Task :: The data should be written out in full, exactly as it stands, and the pictures dropped.

Items from a dataset
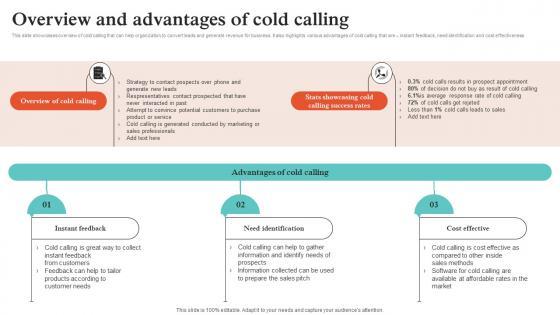This slide showcases overview of cold calling that can help organization to convert leads and generate revenue for business. It also highlights various advantages of cold calling that are instant feedback, need identification and cost effectiveness. Take your projects to the next level with our ultimate collection of Phone Sales Strategy To Drive Overview And Advantages Of Cold Calling Strategy SS V. Slidegeeks has designed a range of layouts that are perfect for representing task or activity duration, keeping track of all your deadlines at a glance. Tailor these designs to your exact needs and give them a truly corporate look with your own brand colors they will make your projects stand out from the rest This slide showcases overview of cold calling that can help organization to convert leads and generate revenue for business. It also highlights various advantages of cold calling that are instant feedback, need identification and cost effectiveness.
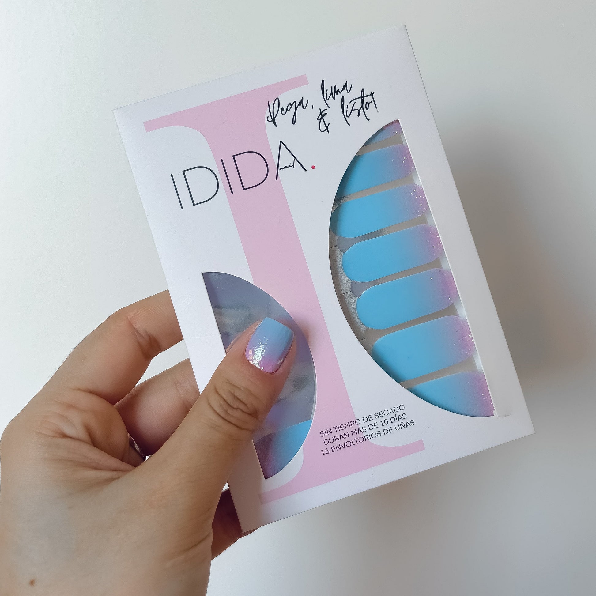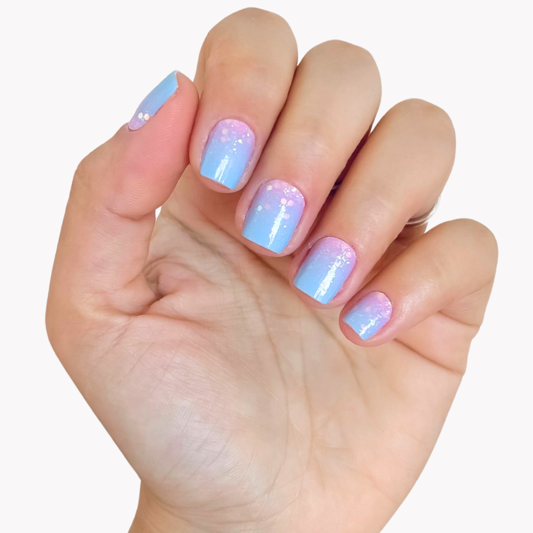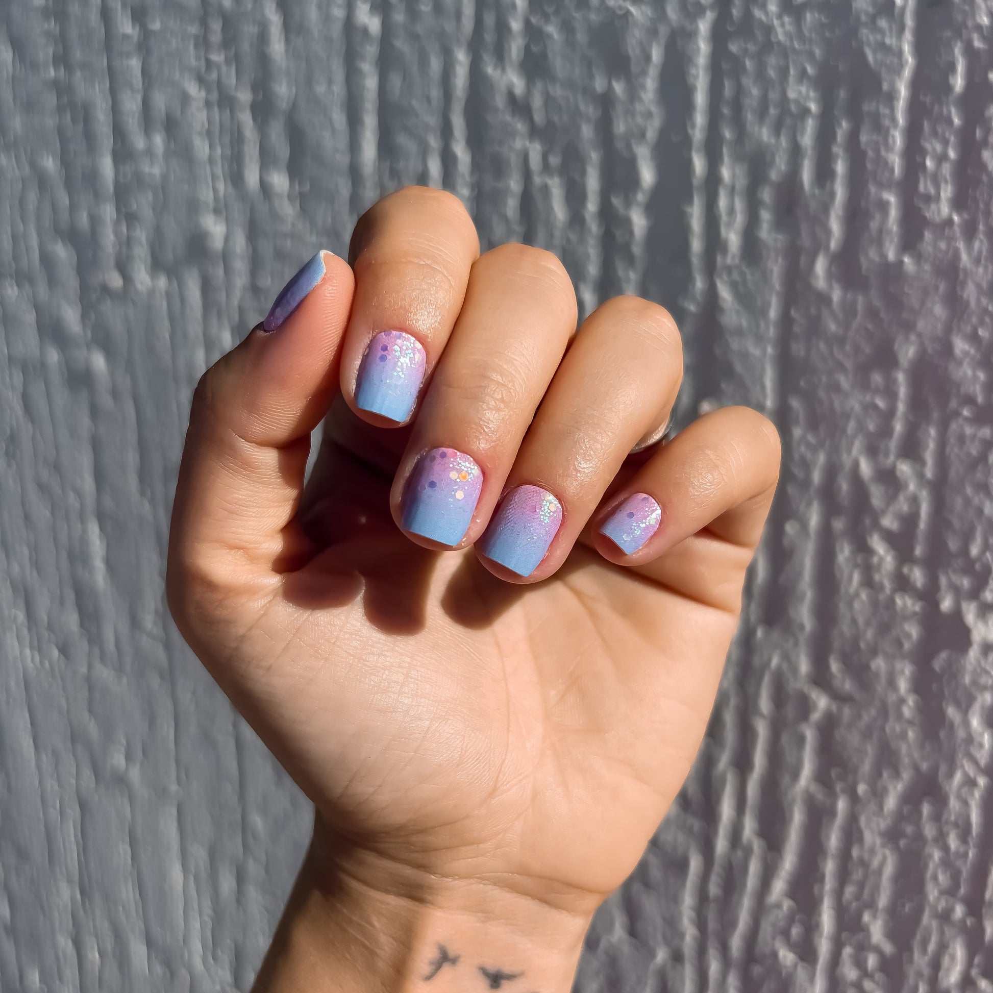 Un motif ombré rose-bleu avec une touche de paillettes à la base.
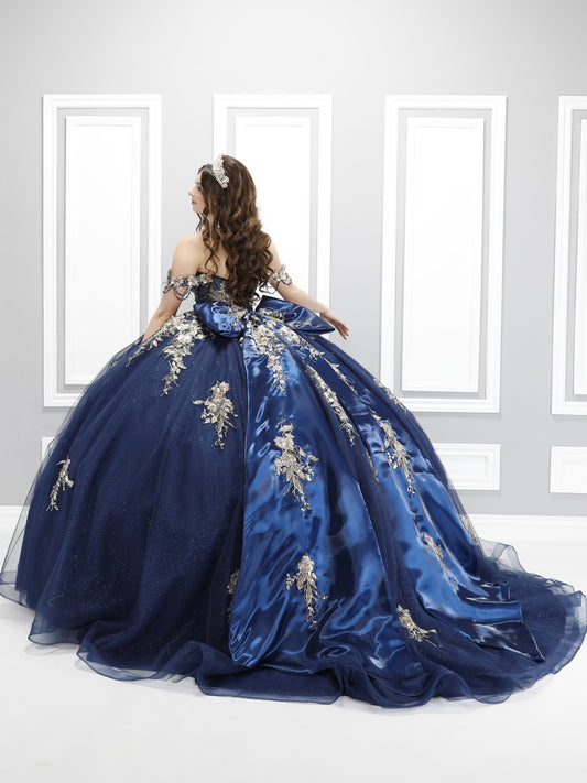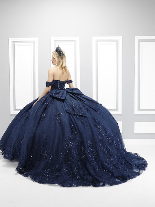 72592X – Navy Blue Off-Shoulder Quinceañera Dress with See-Through Corset, Full Ball Gown Skirt & Detachable Bow
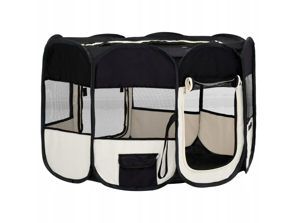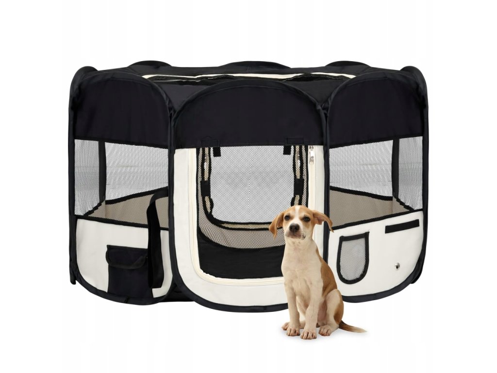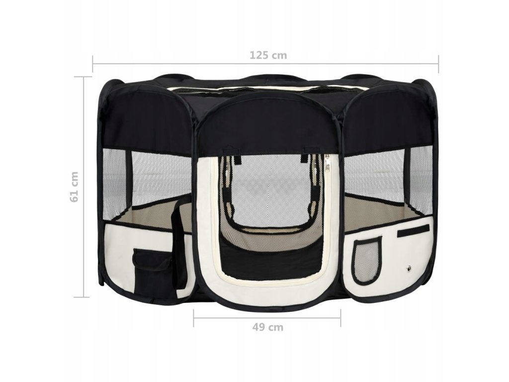 Składany kojec dla psa, z torbą, czarny, 125x125x61 cm
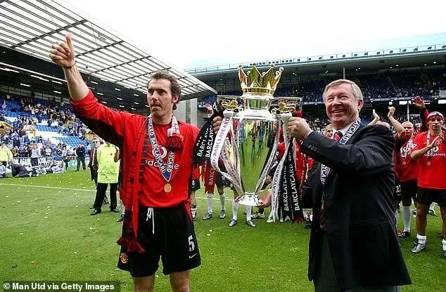Hậu vệ Blanc ăn mừng chức vô địch với thầy Ferguson. Ảnh: CGI.
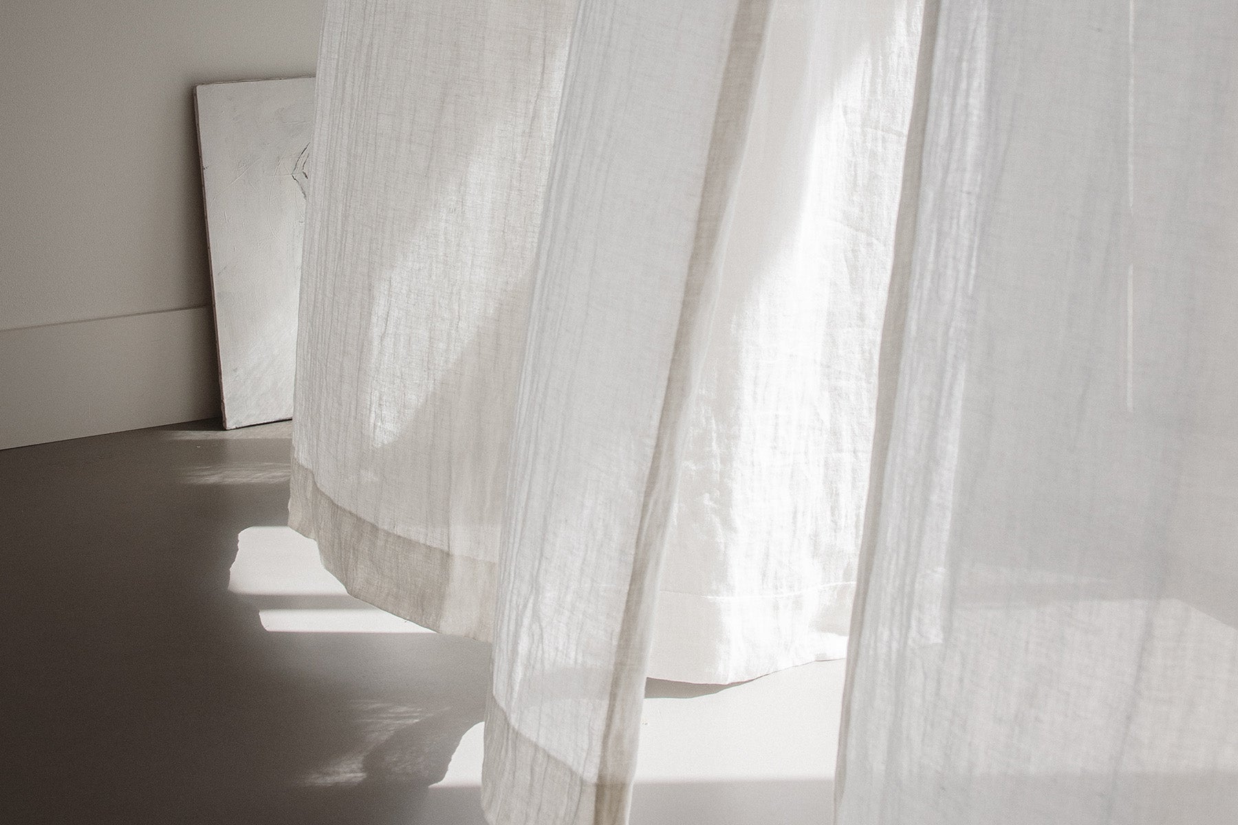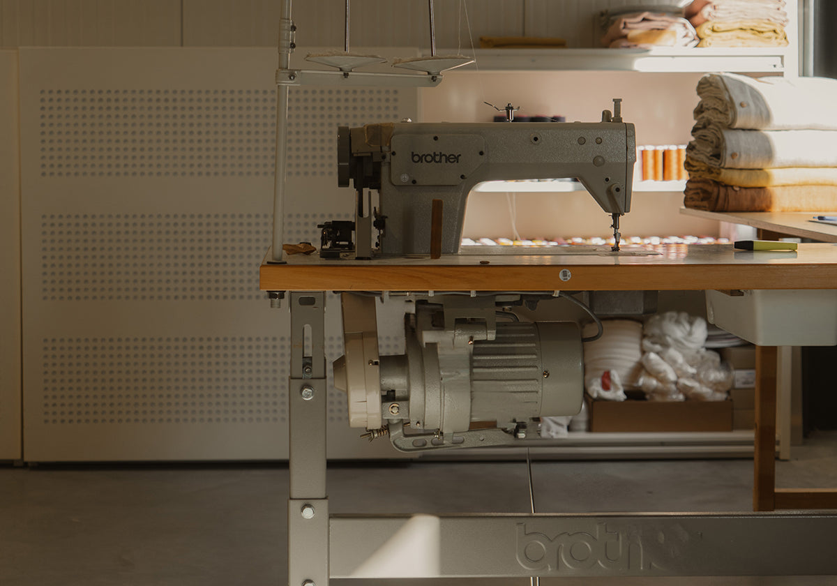 We make all linen bedding, cushions and curtains to order in our atelier, and offer it directly to you. Our linen fabric arrives on rolls and nothing is left to waste. We only make what is needed, smaller pieces are used for samples and the smallest remnants are collected to be spun into new yarn.
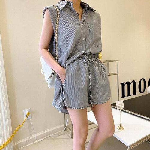 [굿쇼핑몰_의류]여름 심플 스트라이프 나시 셔츠 밴딩 팬츠 세트
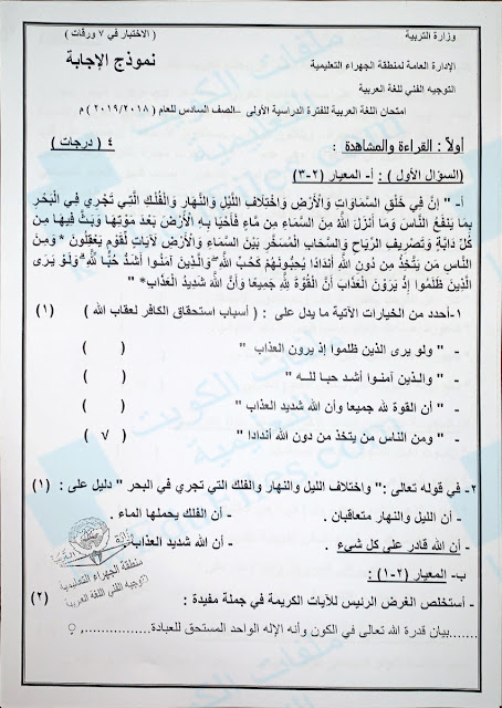 1. نموذج إجابة منطقة الفروانية التعليمية
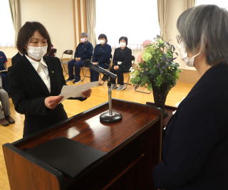 式では、新採用職員を代表して、清野桂子看護師が「福祉に携わる責任と誇りを持ち、愛と思いやりの心で誠実に仕事に取り組んでまいります。」と誓いました。

Completed exercise ::
This slide showcases overview of cold calling that can help organization to convert leads and generate revenue for business. It also highlights various advantages of cold calling that are instant feedback, need identification and cost effectiveness. Take your projects to the next level with our ultimate collection of Phone Sales Strategy To Drive Overview And Advantages Of Cold Calling Strategy SS V. Slidegeeks has designed a range of layouts that are perfect for representing task or activity duration, keeping track of all your deadlines at a glance. Tailor these designs to your exact needs and give them a truly corporate look with your own brand colors they will make your projects stand out from the rest This slide showcases overview of cold calling that can help organization to convert leads and generate revenue for business. It also highlights various advantages of cold calling that are instant feedback, need identification and cost effectiveness.
 Un motif ombré rose-bleu avec une touche de paillettes à la base.
 72592X – Navy Blue Off-Shoulder Quinceañera Dress with See-Through Corset, Full Ball Gown Skirt & Detachable Bow
 Składany kojec dla psa, z torbą, czarny, 125x125x61 cm
Hậu vệ Blanc ăn mừng chức vô địch với thầy Ferguson. Ảnh: CGI.
 We make all linen bedding, cushions and curtains to order in our atelier, and offer it directly to you. Our linen fabric arrives on rolls and nothing is left to waste. We only make what is needed, smaller pieces are used for samples and the smallest remnants are collected to be spun into new yarn.
 [굿쇼핑몰_의류]여름 심플 스트라이프 나시 셔츠 밴딩 팬츠 세트
 1. نموذج إجابة منطقة الفروانية التعليمية
 式では、新採用職員を代表して、清野桂子看護師が「福祉に携わる責任と誇りを持ち、愛と思いやりの心で誠実に仕事に取り組んでまいります。」と誓いました。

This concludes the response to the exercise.